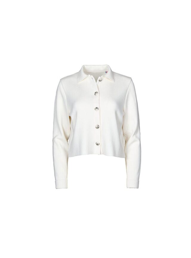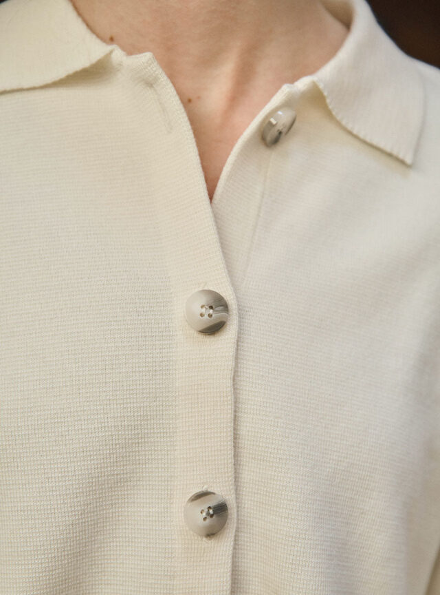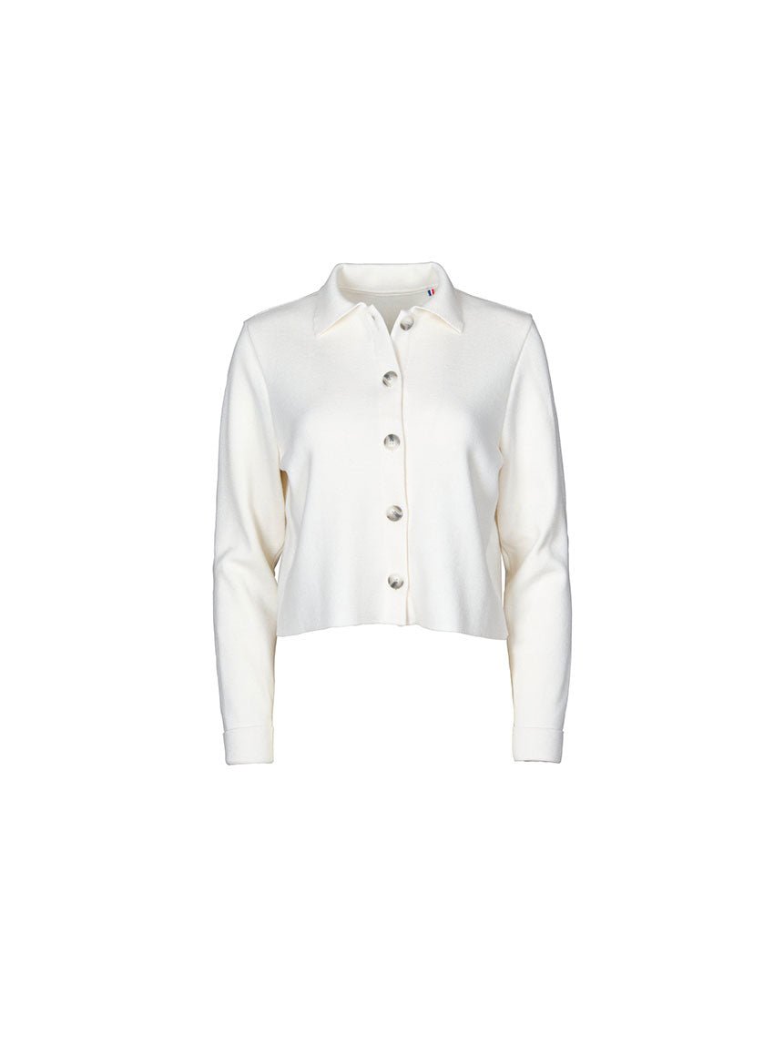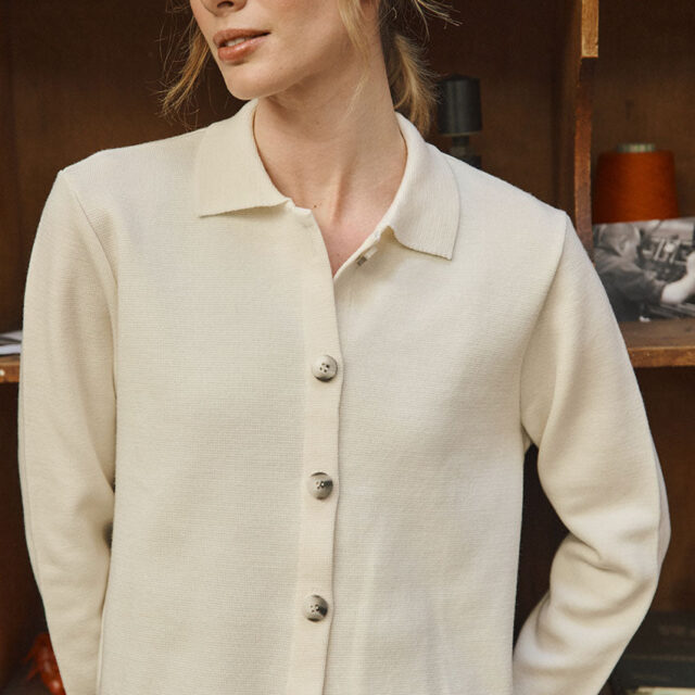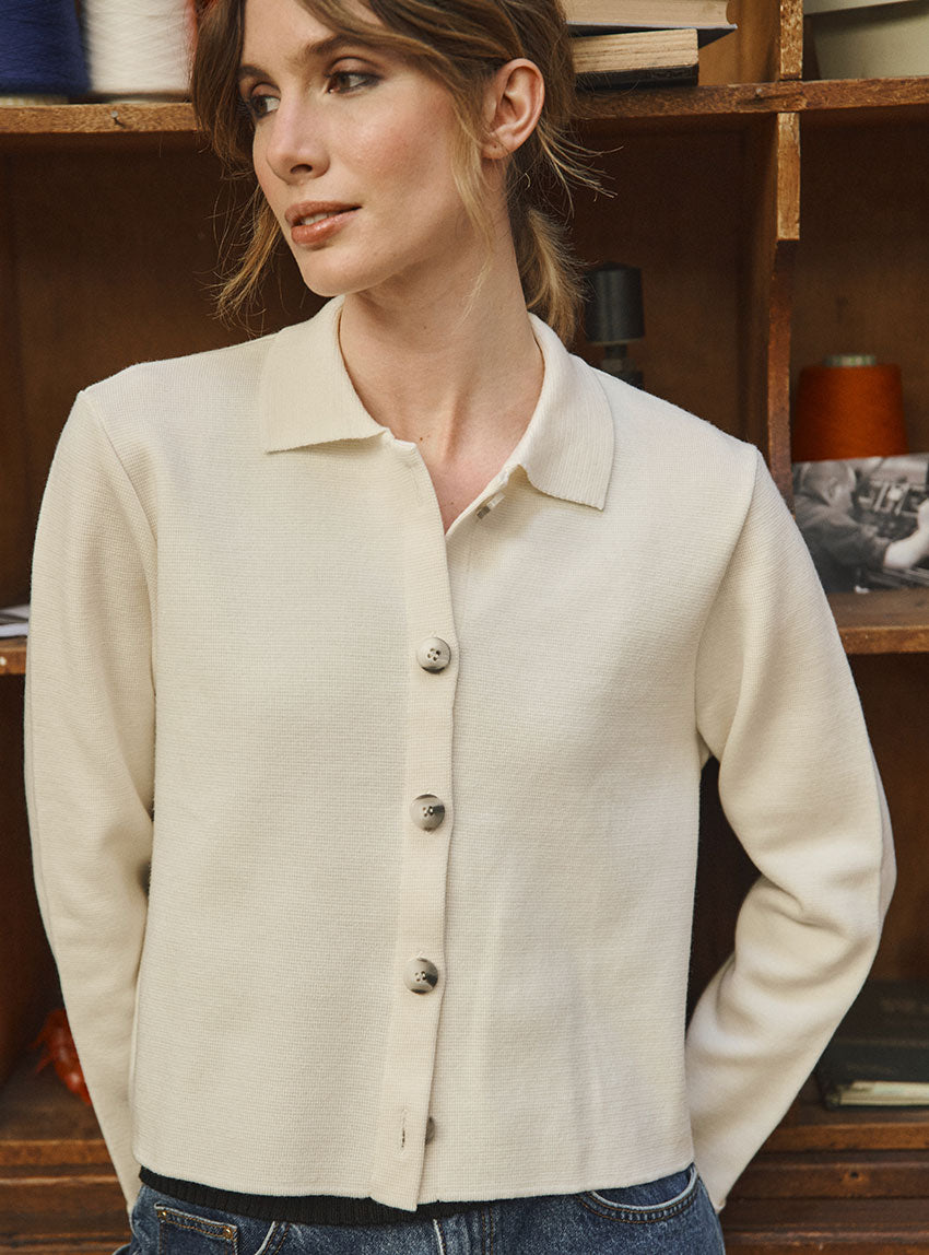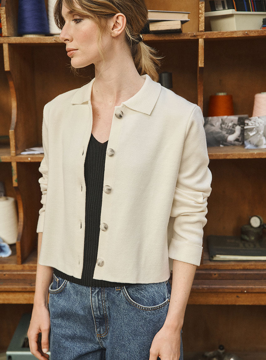 La veste Armelle en blanc naturel séduit par son style épuré et chic. Tricotée en maille Point de Rome au tombé structuré, elle adopte une coupe courte avec col polo ouvert et emmanchures montées. Sa patte de boutonnage à même, soigneusement repliée et piquée, apporte une finition élégante. Une pièce polyvalente à porter comme un cardigan ou une petite veste de demi-saison.
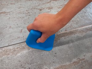 ruční sparovací gumová stěrka na aplikaci spárovacích hmot
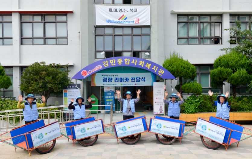 특히 기부하는 리어카는 기존 리어카 대비 무게가 20~30kg 가벼운 경량 리어카(40kg)로, 취약계층 노인들이 보다 편리하고 안전하게 폐지와 고물을 수집할 수 있도록 설계 됐다.
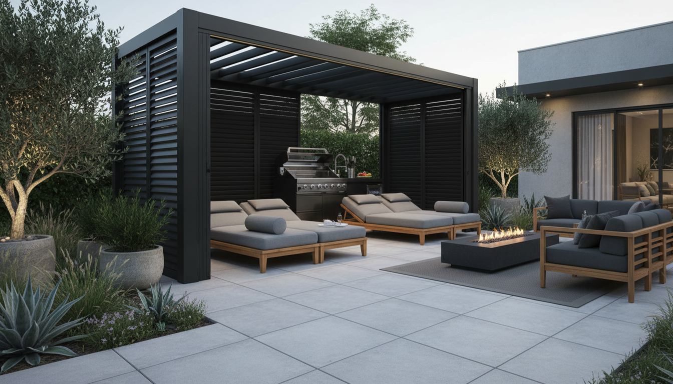 put this outdoor kitchen in a cabana made of black aluminum louvered pergola with aluminum side shutters with 2 teak lounge day beds
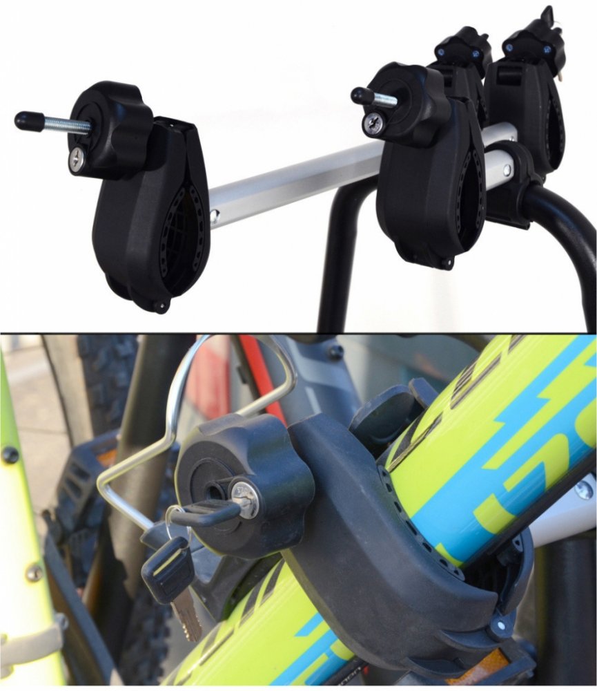 Upevnění kola do nosiče se obejde bez nářadí, provádí se uchycením držáku na rám a dotažením spon na kola, umístěných na základně. Mechanismus je uzamykací a nehrozí tak odcizení kola.
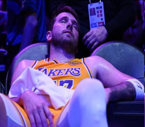 在本場(chǎng)比賽場(chǎng)邊,東契奇癱坐在椅子上說道:“我太XX累了!”
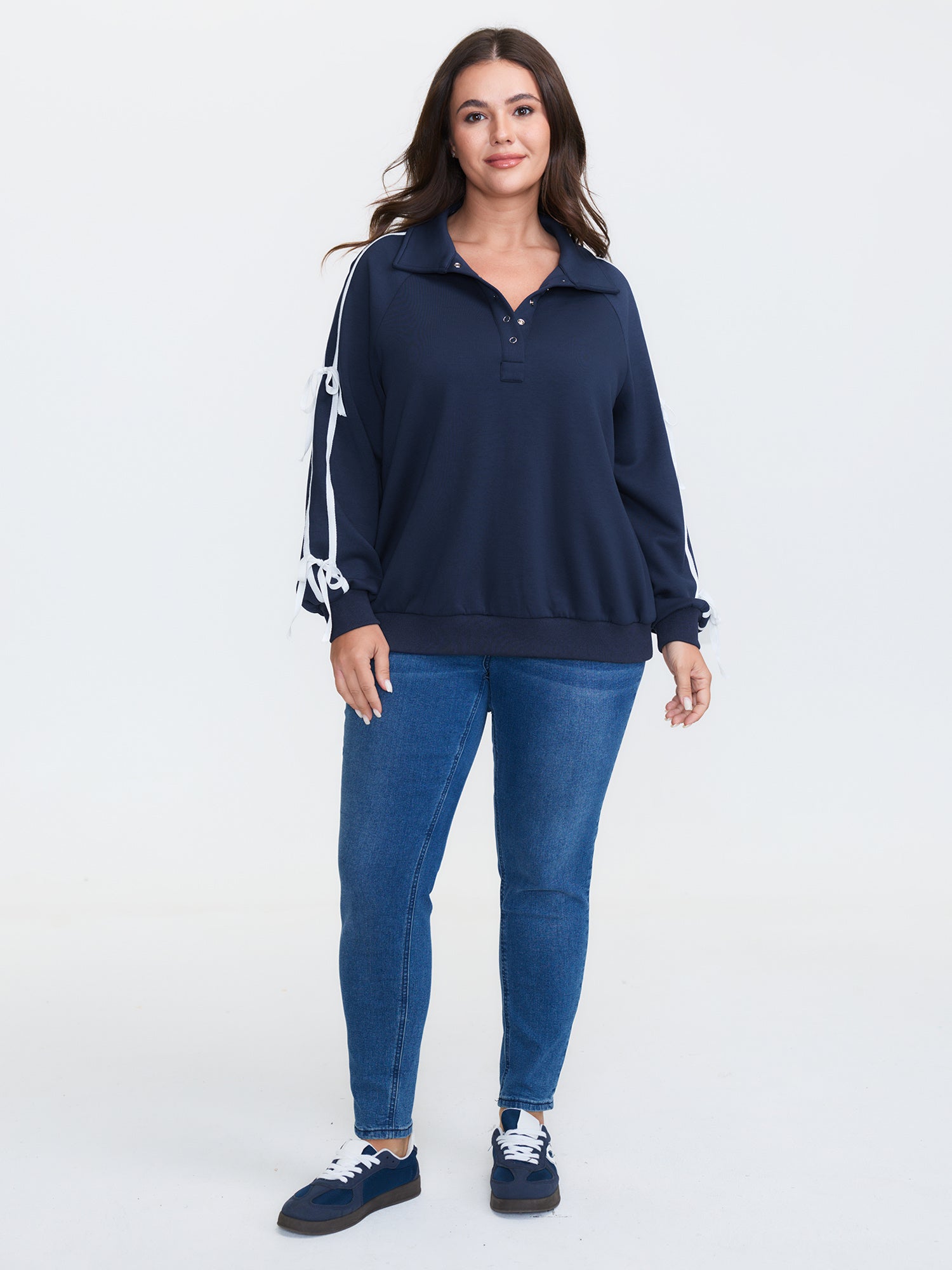 Shop Supersoft Ribbon Detail Contrast Sweatshirt now and redefine your style with confidence at BloomChic. Tailored for mid and plus-size women. This trendy Tops Women, sizes 10-30. Color:Navy;Style:Leisure;Neckline:Turtleneck;Sleeve Type:Raglan sleeve;Prints:Non;Details:Woven ribbon&lace trim, Contrast;Pocket:No-pocket;Snap Fastener:Snap fastener;Belt:No-belt;Closure Type:Half-open front
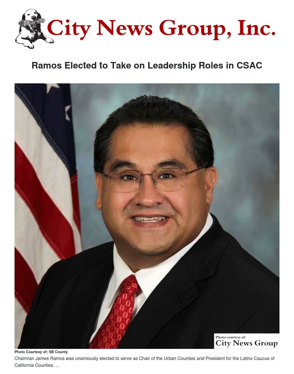 ALL>> Earlier this month, Chairman James Ramos attended the 122nd Annual California State Association of Counties Conference in Palm Springs where he was elected unanimously by his peers to serve as Chair of the Urban Counties Caucus and President for the Latino Caucus of California Counties.
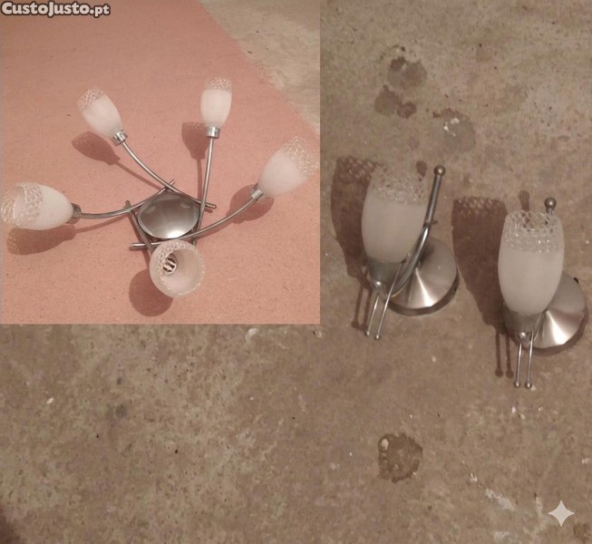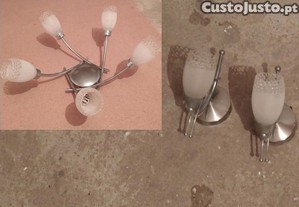 Conjunto de Iluminação Completo: Candeeiro de Teto + 2 Apliques de Parede
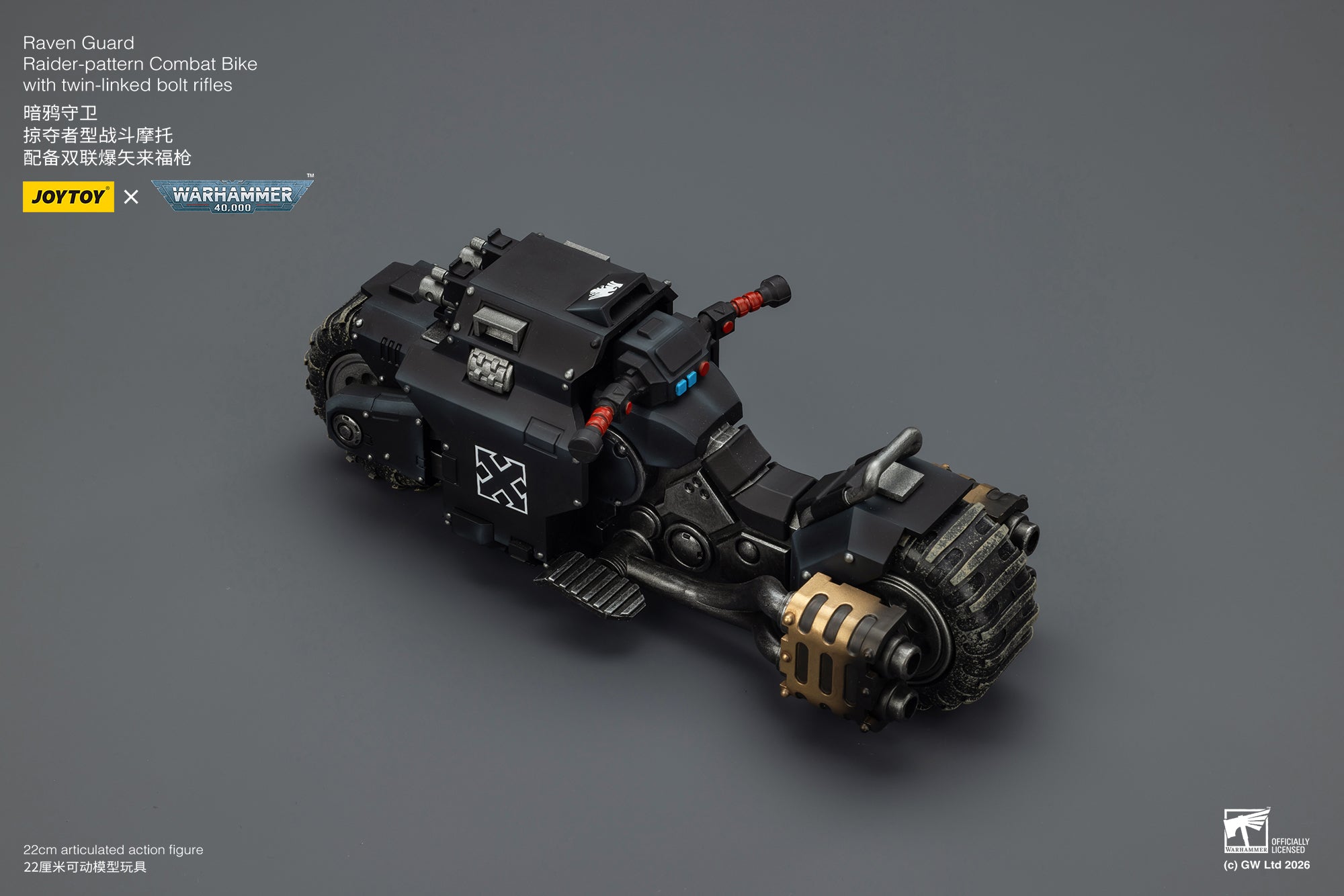 Product Description: Warhammer 40K Blood Angels Space Wolves Raven Guard Raider-pattern Combat Bike with twin-linked bolt rifles
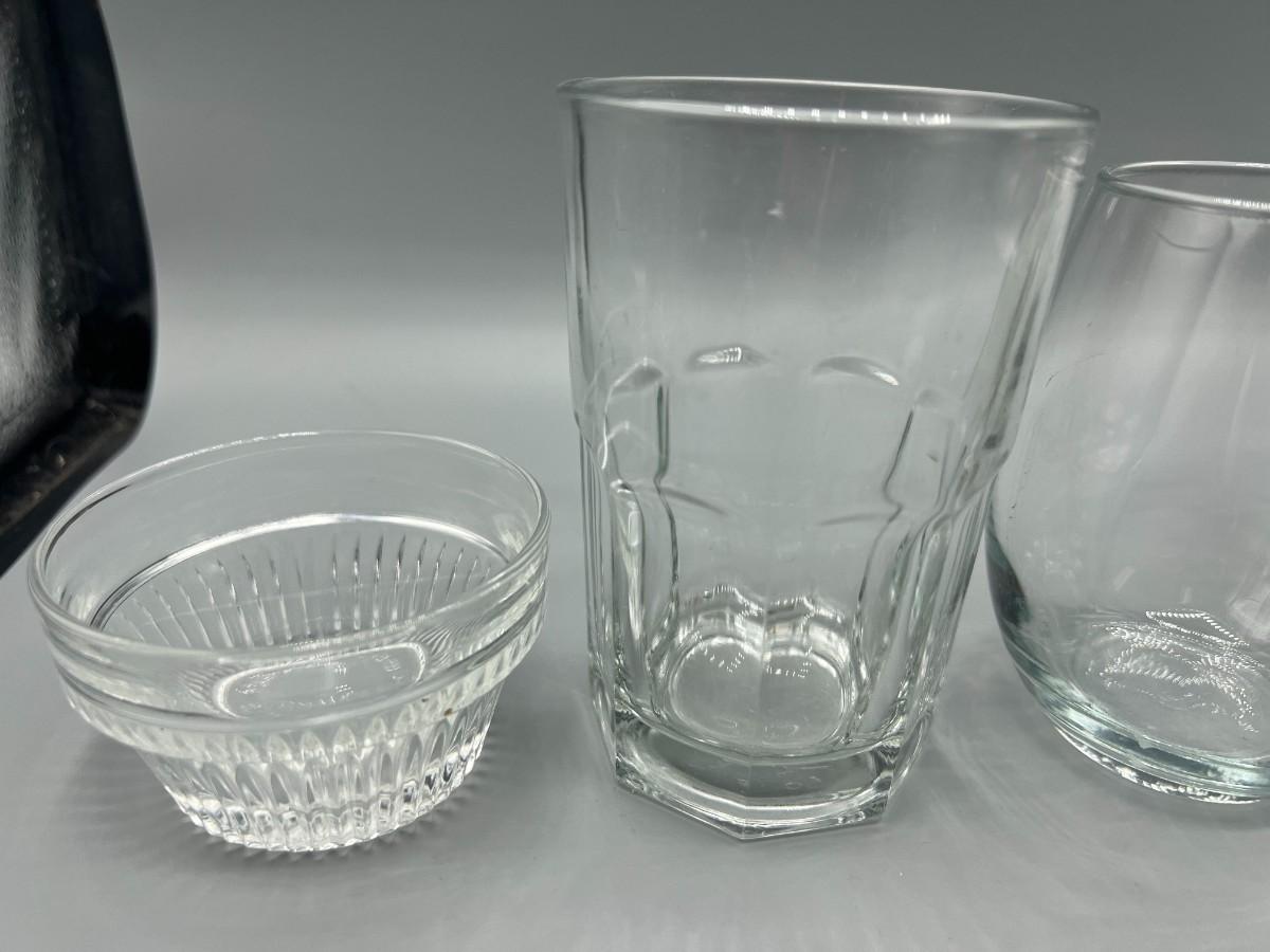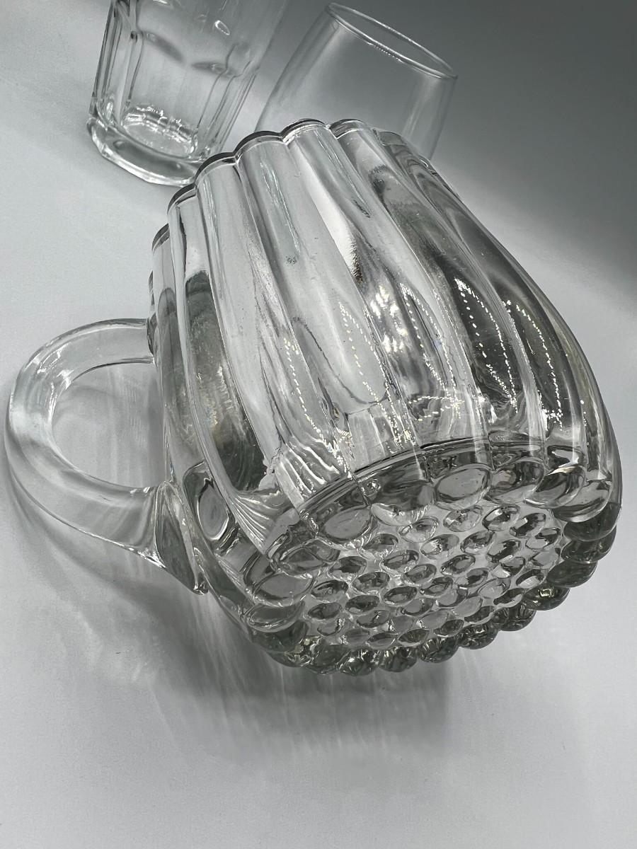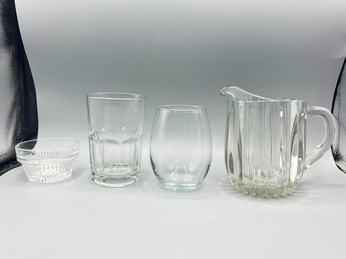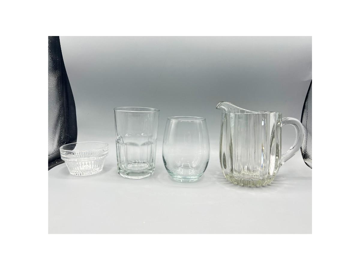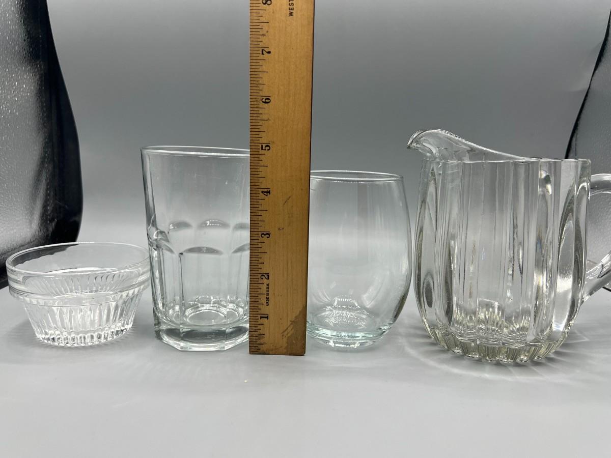 Lot of Miscellaneous Kitchen Glassware, Thick Glass Pitcher, Drinking Cups, & More, there is no significant cracks or chips to any of the pieces included in the lot and is in good useable condition. Check pictures for more details and for sizing.

### Your instructions
Skip every picture, and give the rest of the material above again exactly.

### Solution to the problem
 La veste Armelle en blanc naturel séduit par son style épuré et chic. Tricotée en maille Point de Rome au tombé structuré, elle adopte une coupe courte avec col polo ouvert et emmanchures montées. Sa patte de boutonnage à même, soigneusement repliée et piquée, apporte une finition élégante. Une pièce polyvalente à porter comme un cardigan ou une petite veste de demi-saison.
 ruční sparovací gumová stěrka na aplikaci spárovacích hmot
 특히 기부하는 리어카는 기존 리어카 대비 무게가 20~30kg 가벼운 경량 리어카(40kg)로, 취약계층 노인들이 보다 편리하고 안전하게 폐지와 고물을 수집할 수 있도록 설계 됐다.
 put this outdoor kitchen in a cabana made of black aluminum louvered pergola with aluminum side shutters with 2 teak lounge day beds
 Upevnění kola do nosiče se obejde bez nářadí, provádí se uchycením držáku na rám a dotažením spon na kola, umístěných na základně. Mechanismus je uzamykací a nehrozí tak odcizení kola.
 在本場(chǎng)比賽場(chǎng)邊,東契奇癱坐在椅子上說道:“我太XX累了!”
 Shop Supersoft Ribbon Detail Contrast Sweatshirt now and redefine your style with confidence at BloomChic. Tailored for mid and plus-size women. This trendy Tops Women, sizes 10-30. Color:Navy;Style:Leisure;Neckline:Turtleneck;Sleeve Type:Raglan sleeve;Prints:Non;Details:Woven ribbon&lace trim, Contrast;Pocket:No-pocket;Snap Fastener:Snap fastener;Belt:No-belt;Closure Type:Half-open front
 ALL>> Earlier this month, Chairman James Ramos attended the 122nd Annual California State Association of Counties Conference in Palm Springs where he was elected unanimously by his peers to serve as Chair of the Urban Counties Caucus and President for the Latino Caucus of California Counties.
 Conjunto de Iluminação Completo: Candeeiro de Teto + 2 Apliques de Parede
 Product Description: Warhammer 40K Blood Angels Space Wolves Raven Guard Raider-pattern Combat Bike with twin-linked bolt rifles
 Lot of Miscellaneous Kitchen Glassware, Thick Glass Pitcher, Drinking Cups, & More, there is no significant cracks or chips to any of the pieces included in the lot and is in good useable condition. Check pictures for more details and for sizing.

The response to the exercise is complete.